Not sure how I can make this any clearer. Go back and look at the post I was quoting. When someone says, or implies that women are joining gaming in droves, it doesn't mean they are all coming to play D&D. You have to look at the numbers deeper. It would be like saying "There are just as many women gamers as male gamers, so FPS games need to display equal representation in them." But the reality is that the % of women gamers who play FPS are still very much the minority. The games played mostly by women (like Candy Crush) is what makes the "just as many women gamers as men" statement true, but it doesn't make the "just as many women gamers as male gamers in every genre" true.
 

log in or register to remove this ad

Sacrosanct

Legend
I hate that attitude, that D&D is a straight white boys club, and should stay that way because that's how it's always been. Come on guys...

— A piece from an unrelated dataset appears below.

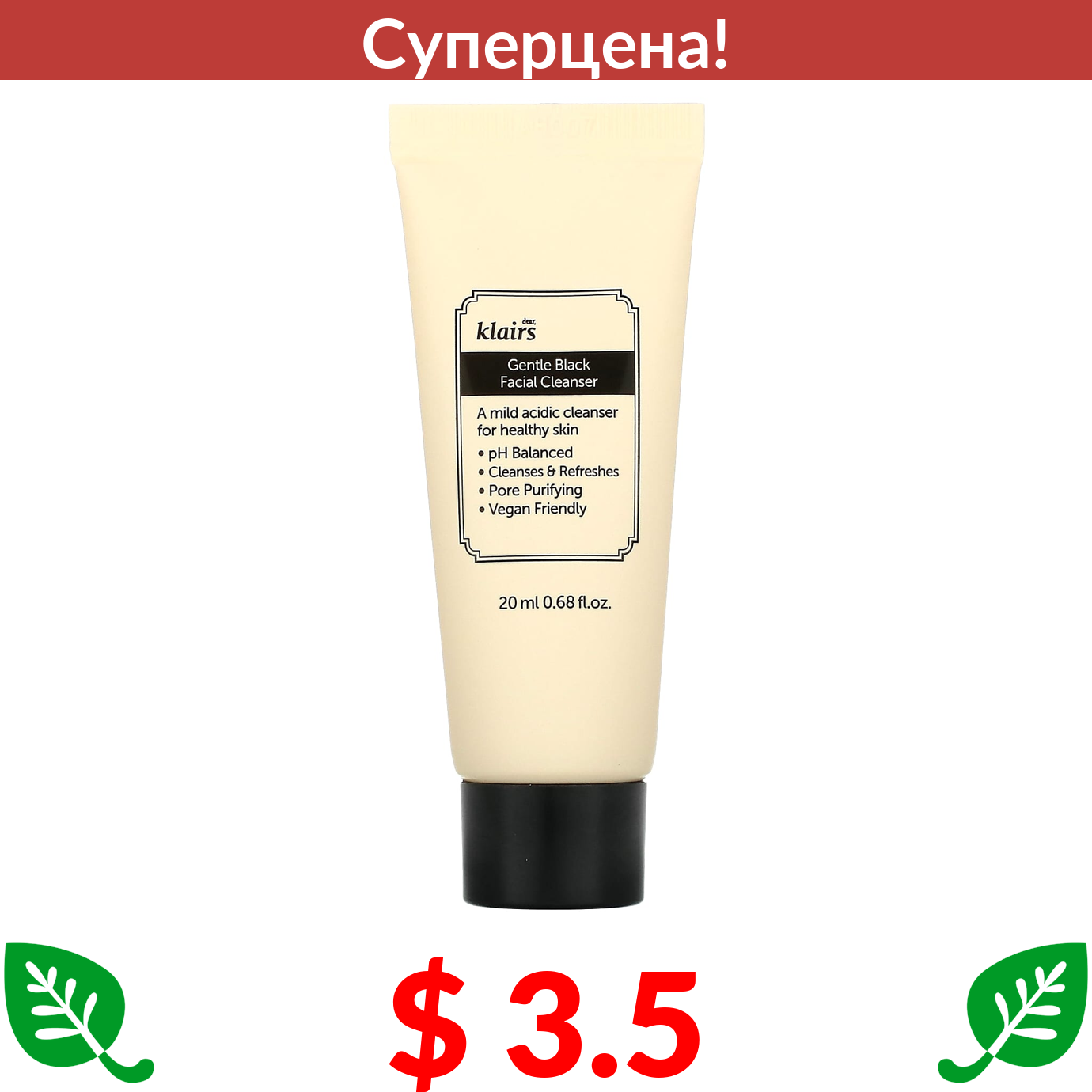 $ 3.5 Диа Клерс, Нежное очищающее средство для лица, черное, 20 мл (0,68 жидк. Унции)
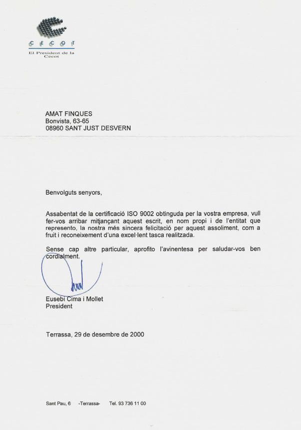 El despacho cada vez gestiona más trabajo, crece el número de personas que trabajan en él y no puede seguir estando en el domicilio familiar. La primera oficina de Amat tendrá 70 m2 y se ubicará en la calle Bonavista, número 101, de Sant Just Desvern.

That's not what he's saying. This is a pretty blatant strawman. We should avoid these types of things. He's saying what he said, that D&D will most likely always be a male dominated game, and like every business model out there in the world, you market to your big demographic. That's not rocket science, nor shocking. And it doesn't mean that D&D can't be more appealing to women in how its art direction goes. Those aren't mutually exclusive things. You can increase diversity in your artwork and at the same time acknowledge who your target demographic will be.
 

redrick

First Post
Sure. Did I say anything that would make you think otherwise? I even stated that making the game more appealing to women is an obvious good thing. So not sure why you'd say this.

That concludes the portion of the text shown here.